# Evolución temporal del pH en el arroyo



## Virulina

Hola foreros. Soy nueva por el foro. 

Necesito traducir al inglés: _evolución temporal del pH en el arroyo_.

Lo he puesto de mil formas pero word me dice todo el tiempo que lo revise.

He puesto:

Evolution of the pH value in the stream

Progression of the pH value in the stream 

¿Me podéis echar una mano?

Muchas gracias


----------



## Probo

Hola y bienvenida: Prueba "ph value evolution in the stream", pero te advierto que mi inglés es de pata de banco. Un saludo.


----------



## Virulina

Muchas gracias! Ya no me lo corrige


Un saludo


----------



## wonderment

Virulina said:


> Evolution of the pH value in the stream  No me suena bien en inglés.
> 
> Progression of the pH value in the stream  Hm...Es posible. (?) Quizá quieres decir “change in the pH level of the stream (over time)”?



Hola: No entiendo exactamente lo que quieres decir con “evolución temporal" sin más contexto. Lo siento. Un saludo.


----------



## Virulina

¡Hola!

A lo que me refiero es a la evolución en el tiempo (en este caso a lo largo de los años) del valor de pH en un arroyo.

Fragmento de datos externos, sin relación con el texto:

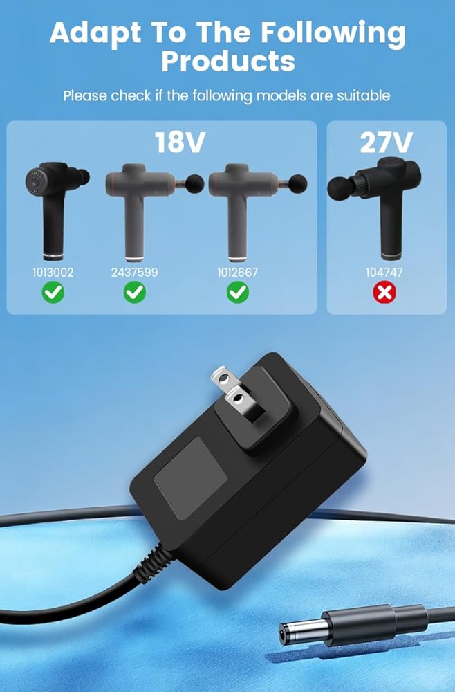 [Important Notice] This charger is specifically designed for 18V models and is not compatible with 27V devices. Before purchasing, please verify the listed compatible product list, power plug specifications, and output voltage to ensure compatibility with your massage gun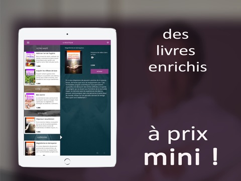 Régulièrement de nouveaux livres paraîtront. Vous pouvez être prévenu par « les mots du doc » qui vous orienteront vers un livre en particulier ou choisir vous-même à travers la thématique de votre choix, par exemple : « Bien s’alimenter et contrôler son poids », « Bien gérer son corps », « Améliorer son sommeil » ou encore « Rendre son cerveau solide et performant ».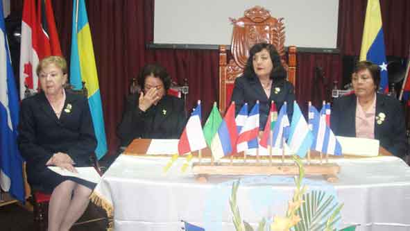 De izquierda a derecha: Sra. Anabel Mori de Sáenz, Srta. Nora Sánchez Zevallos, Srta. Milagros Barrantes Canto(Presidenta) y Srta. Teresa Bazán de Miyazato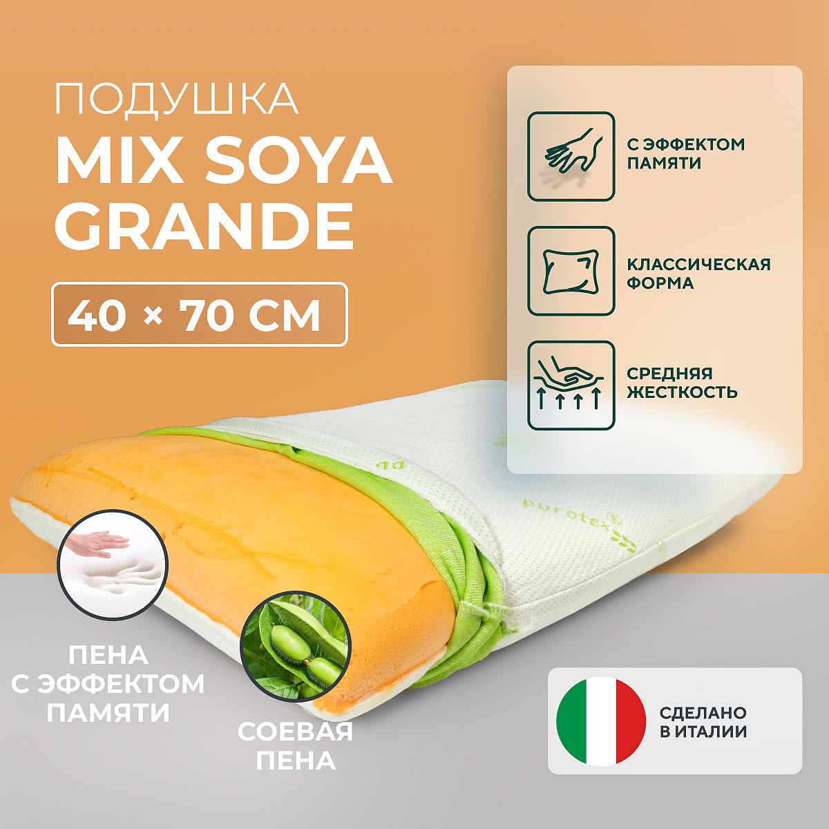 Подушка «Mix Soya Grande» имеет традиционную форму. Эта форма подушки универсальна и не требует привыкания.

De momento lo he dejado como "pH value evolution in the stream", como me propuso Probo.

¿Alguna sugerencia?

Muchas gracias


----------



## Outsider

_Evolución temporal_ quiere decir _evolution/change with time_.


----------



## rugoster

temporary evolution of pH in ....


----------



## SergioPOE

For future reference, this should be something like "the changing pH value of the stream over time". If you need something more formal, you could say "the variance over time of the ph level in the stream".


----------



## Virulina

¡Muchas gracias!

Es perfecto


----------



## 0scar

Yo diría _variation_, _variance _quizás sea correcto pero suena muy matemático.


----------



## Raelsb77

La manera más científicamente correcta de traducir "evolución temporal del pH" sería _'pH monitoring'_


----------



## elineo

temporal increase of pH...evolucion me parece un poco grave


----------



## Raelsb77

Hi, elineo. _'Increase'_ would imply a rise in pH, while we are looking at random changes in time (pH value may go up or down). That's why I think _'pH monitoring'_ (observation over a period of time) would be more appropriate


----------



## elineo

En este caso creo que evolución tiene el sentido de _aumento_ "increase" que es uno de los sentidos de la palabra _evolutión_


----------



## Raelsb77

elineo said:


> En este caso creo que evolución tiene el sentido de _aumento_ "increase" que es uno de los sentidos de la palabra _evolutión_



No, en realidad cuando se habla de monitorizar el valor de un parámetro químico, "evolución" tiene el sentido de "variación", que puede ser en sentido ascendente y/o descendente. Es decir, se mide o monitoriza dicho parámetro y se recogen los valores que va tomando con el tiempo. Es decir, estos valores pueden ir aumentando, después disminuyendo, subir de nuevo, etc.
Te lo dice un doctor en química analítica 

Un saludo.


----------